── Record extracts

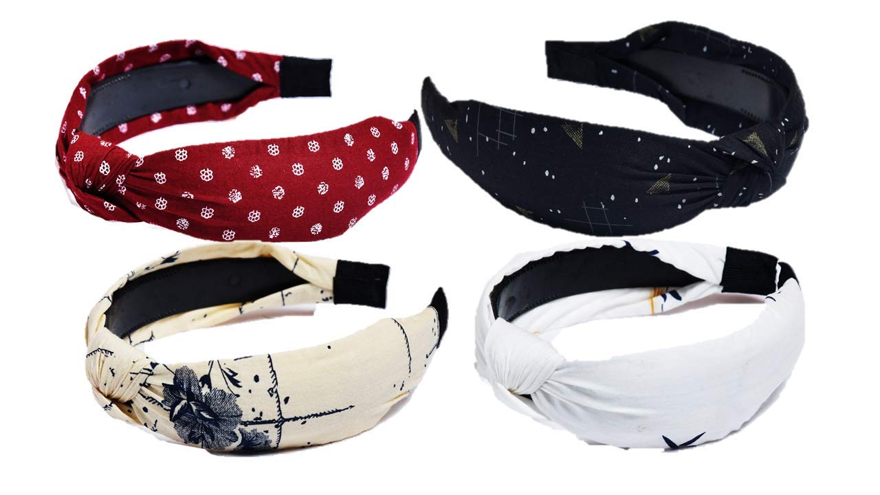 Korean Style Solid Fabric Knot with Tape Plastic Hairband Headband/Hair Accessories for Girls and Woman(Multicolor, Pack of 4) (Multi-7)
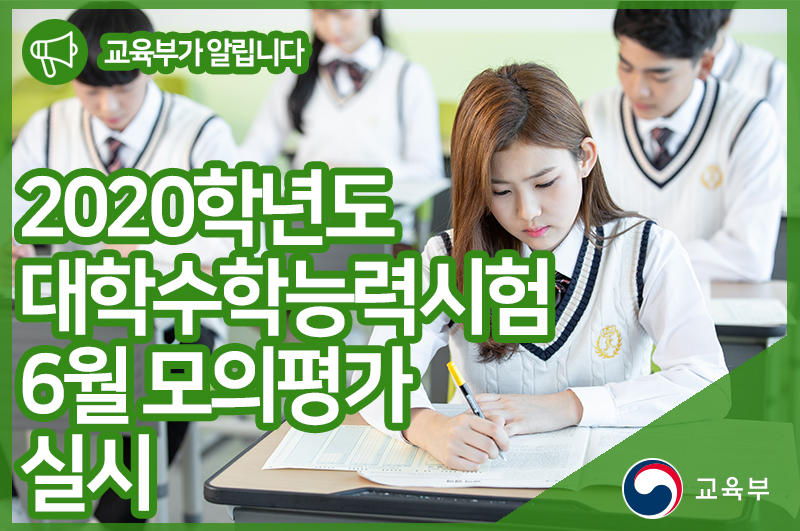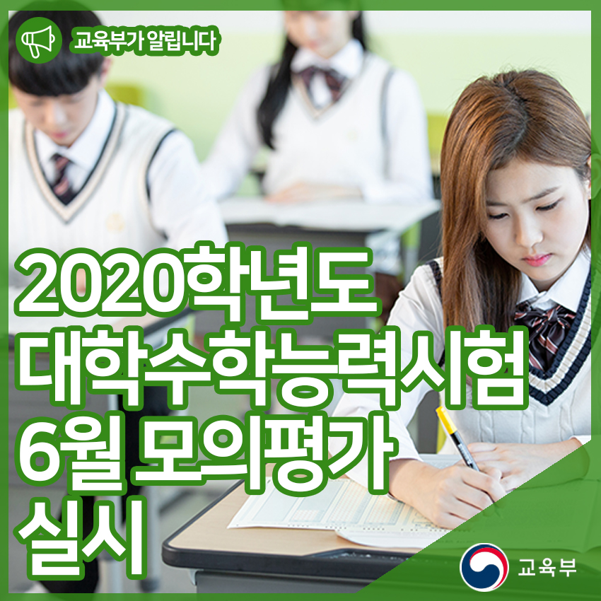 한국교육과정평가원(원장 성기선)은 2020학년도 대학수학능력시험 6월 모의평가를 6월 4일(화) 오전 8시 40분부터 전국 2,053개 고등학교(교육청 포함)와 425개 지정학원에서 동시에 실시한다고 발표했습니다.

────
── Record extracts

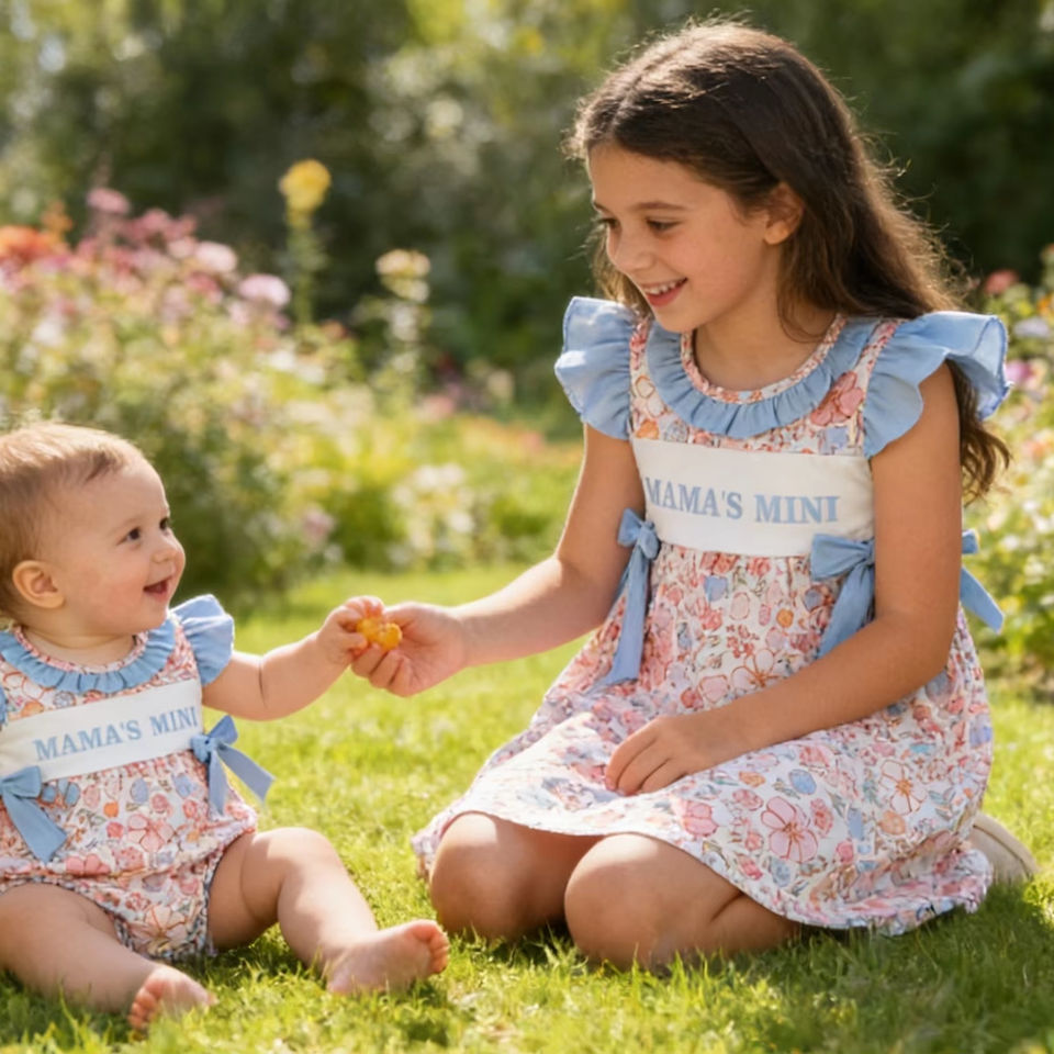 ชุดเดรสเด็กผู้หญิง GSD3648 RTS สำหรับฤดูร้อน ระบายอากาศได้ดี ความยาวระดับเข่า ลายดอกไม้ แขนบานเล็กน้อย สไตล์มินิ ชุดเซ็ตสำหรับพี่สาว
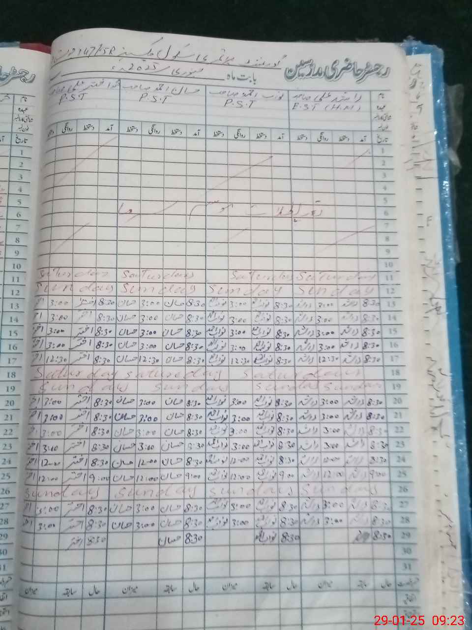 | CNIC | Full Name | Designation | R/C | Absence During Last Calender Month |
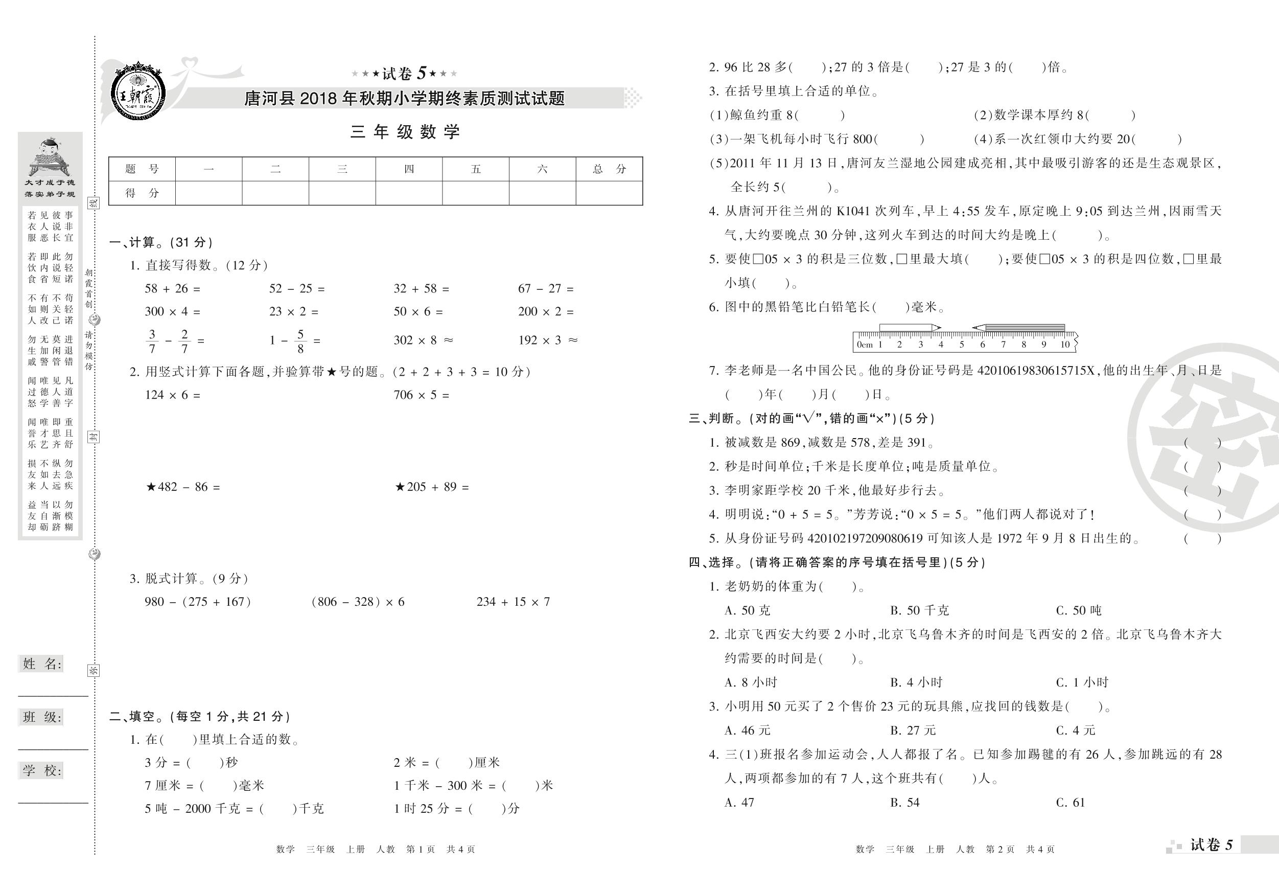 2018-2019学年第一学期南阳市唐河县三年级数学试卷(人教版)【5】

────
── Record extracts

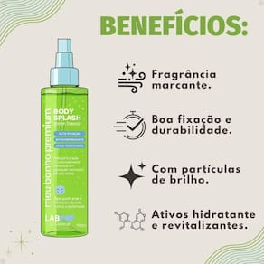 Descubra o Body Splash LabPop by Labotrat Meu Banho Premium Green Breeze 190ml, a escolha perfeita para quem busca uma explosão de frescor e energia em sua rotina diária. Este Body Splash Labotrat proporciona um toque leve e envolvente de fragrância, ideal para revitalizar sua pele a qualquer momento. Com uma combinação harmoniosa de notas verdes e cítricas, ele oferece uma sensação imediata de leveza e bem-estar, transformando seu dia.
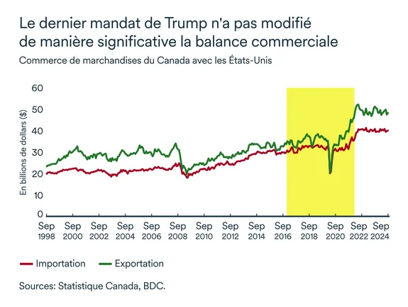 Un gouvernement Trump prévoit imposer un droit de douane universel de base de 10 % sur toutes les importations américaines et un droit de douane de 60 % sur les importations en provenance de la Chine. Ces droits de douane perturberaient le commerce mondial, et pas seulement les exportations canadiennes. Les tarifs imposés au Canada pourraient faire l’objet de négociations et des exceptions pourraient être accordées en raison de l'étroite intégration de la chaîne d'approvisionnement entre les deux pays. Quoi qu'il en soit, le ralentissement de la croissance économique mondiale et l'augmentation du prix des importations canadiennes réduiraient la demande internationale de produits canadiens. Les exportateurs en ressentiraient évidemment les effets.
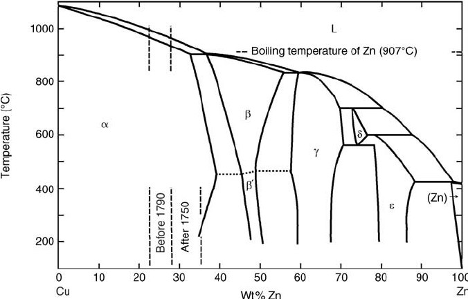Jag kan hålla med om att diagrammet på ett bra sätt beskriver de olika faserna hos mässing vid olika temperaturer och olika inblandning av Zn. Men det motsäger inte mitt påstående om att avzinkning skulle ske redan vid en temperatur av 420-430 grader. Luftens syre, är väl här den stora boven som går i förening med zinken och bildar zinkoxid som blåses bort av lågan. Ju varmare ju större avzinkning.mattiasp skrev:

────

• [Work request]: What is wanted is an exact copy of the lines above from the one containing "Korean Style Solid" through the one containing "한국교육과정평가원(원장 성기선)은 2020학년도", with no pictures in it.

• [The answer]:
 Korean Style Solid Fabric Knot with Tape Plastic Hairband Headband/Hair Accessories for Girls and Woman(Multicolor, Pack of 4) (Multi-7)
 한국교육과정평가원(원장 성기선)은 2020학년도 대학수학능력시험 6월 모의평가를 6월 4일(화) 오전 8시 40분부터 전국 2,053개 고등학교(교육청 포함)와 425개 지정학원에서 동시에 실시한다고 발표했습니다.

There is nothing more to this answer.